Привыкаешь ко всему, со всем человек может сжиться. Постепенно сживался он и с одиночеством, и с неизвестностью. Вот уж скоро год, как тянется следствие, а конца ему и не видно.
Иакинф целые дни шагал и шагал по келье. Это равномерное круженье мало-помалу утишало страдание, укрощало душевную муку. И помимо воли перед ним проходила вся его жизнь - мечтания далекого детства, увлечения юности и первых лет мужества, ошибки, разочарования, нелепые личности с духовным и светским начальством, открытие далекого неведомого мира, постепенное осознание своего предназначения. Но может быть, только теперь, в этой уединенной келье, он с особой отчетливостью понял настоящий смысл того долгого времени, которое провел он в чужеземной столице. Сквозь заблуждения и соблазны первых пекинских лет, когда ему казалось, что нет ничего глупее, чем пренебрегать настоящим в угоду какому-то неопределенному будущему, когда он весь отдавался неукротимому, жадному устремлению пропустить через свое сердце и свой разум все, чем влекла его пестрая и непривычная жизнь пекинская, когда ничего ему не хотелось откладывать на завтра - ведь этого завтра может и не быть,- он постепенно приходил к твердому убеждению, что вся его предыдущая жизнь, такая сложная и порой такая нелепая, была лишь вступлением к жизни настоящей и, хотя ему уже сорок пять, эта настоящая жизнь не только не прошла, но вопреки очевидности еще и не наступила. Впереди не продолжение жизни, а ее подлинное начало. И ему не терпелось начать эту настоящую жизнь.
Это, разумеется, вовсе не означало, что он намерен отказаться от всего, что прожил, чем дорожил в былые времена. Нет, ему не хотелось отказываться даже от воспоминаний, которые он волочил за собой. Да, он нз уклонялся от соблазнов, не страшился наделать ошибок. И его не грызут сожаленья. Ведь ошибаться - значит познавать. Значит, ошибки неизбежны. Как же иначе изведаешь, что такое жизнь?
Никогда еще не было у него столько свободного, ни чем не заполненного времени, как теперь. Оторванный от всего, чем был поглощен прежде,- от управления монастырем, от надзора за беспокойной своей братией, от встреч с китайцами и католическими миссионерами, от ученых своих упражнений, от всех каждодневных забот и треволнении,- он невольно стал задумываться, зачем дана ему эта жизнь.
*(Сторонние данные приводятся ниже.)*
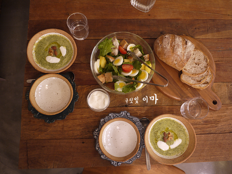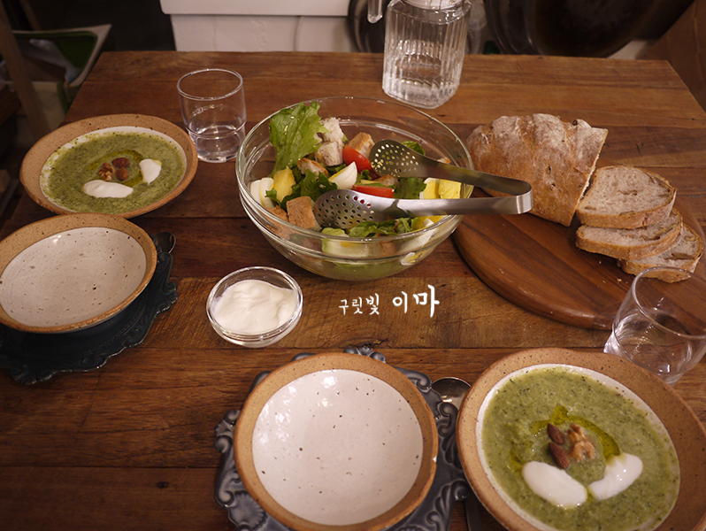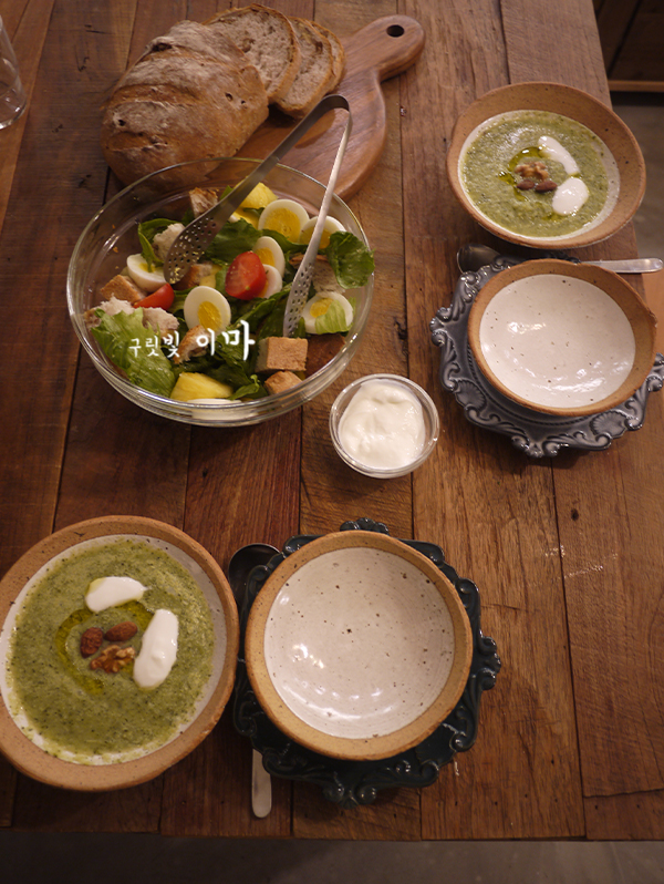 건강한 완두콩스프까지 올려서

Обычно человек отмахивается от этих вопросов, ему просто недосуг предаваться таким размышлениям. А нет ничего хуже, нежели жизнь в сутолоке каждодневности, в плену суетных забот, когда человеку некогда оглянуться, подумать, зачем он живет, куда идет. А ведь так живет большинство. Живет без оглядки, живет кое-как, день да ночь - сутки прочь. Да собственно, и не живет, а попросту изживает свою жизнь, единственную, которая ему дана. Но как страшно прожить такую жизнь и, расставаясь с нею, вдруг ужаснуться: а зачем ты ее прожил? Нет, он не хочет, да и не имеет права прожить такую "случайную" жизнь, которую определит не он, а обстоятельства.
Он хочет прожить ее по-своему, ему есть зачем ее прожить, есть что сказать своим по жизни сопутникам. Сказать и сделать что-то такое, чего никто другой за него сказать и сделать не может.
Иакинф все добивался встречи с кем-нибудь из духовного начальства - и безуспешно. Только раз, уже летом, вызвал его в лаврские свои кельи митрополит Серафим.
Встреча была короткой и более чем холодной. Отец Иакинф провел почти полтора десятка лет вдали от отечества, не имея над собой начальства, ни духовного, ни светского, привык к независимости. Ему и в голову не пришло величать митрополита "святейшеством", как тут принято, пасть ниц пред владыкой, преклонить перед ним колени, кинуться целовать руки, униженно вымаливая пощады, как это сделал, по его собственному признанию, иеромонах Аркадий при первом же свидании с архипастырем. "А что мне стоит? - говорил он.- Шея не отсохнет, поясница не переломится".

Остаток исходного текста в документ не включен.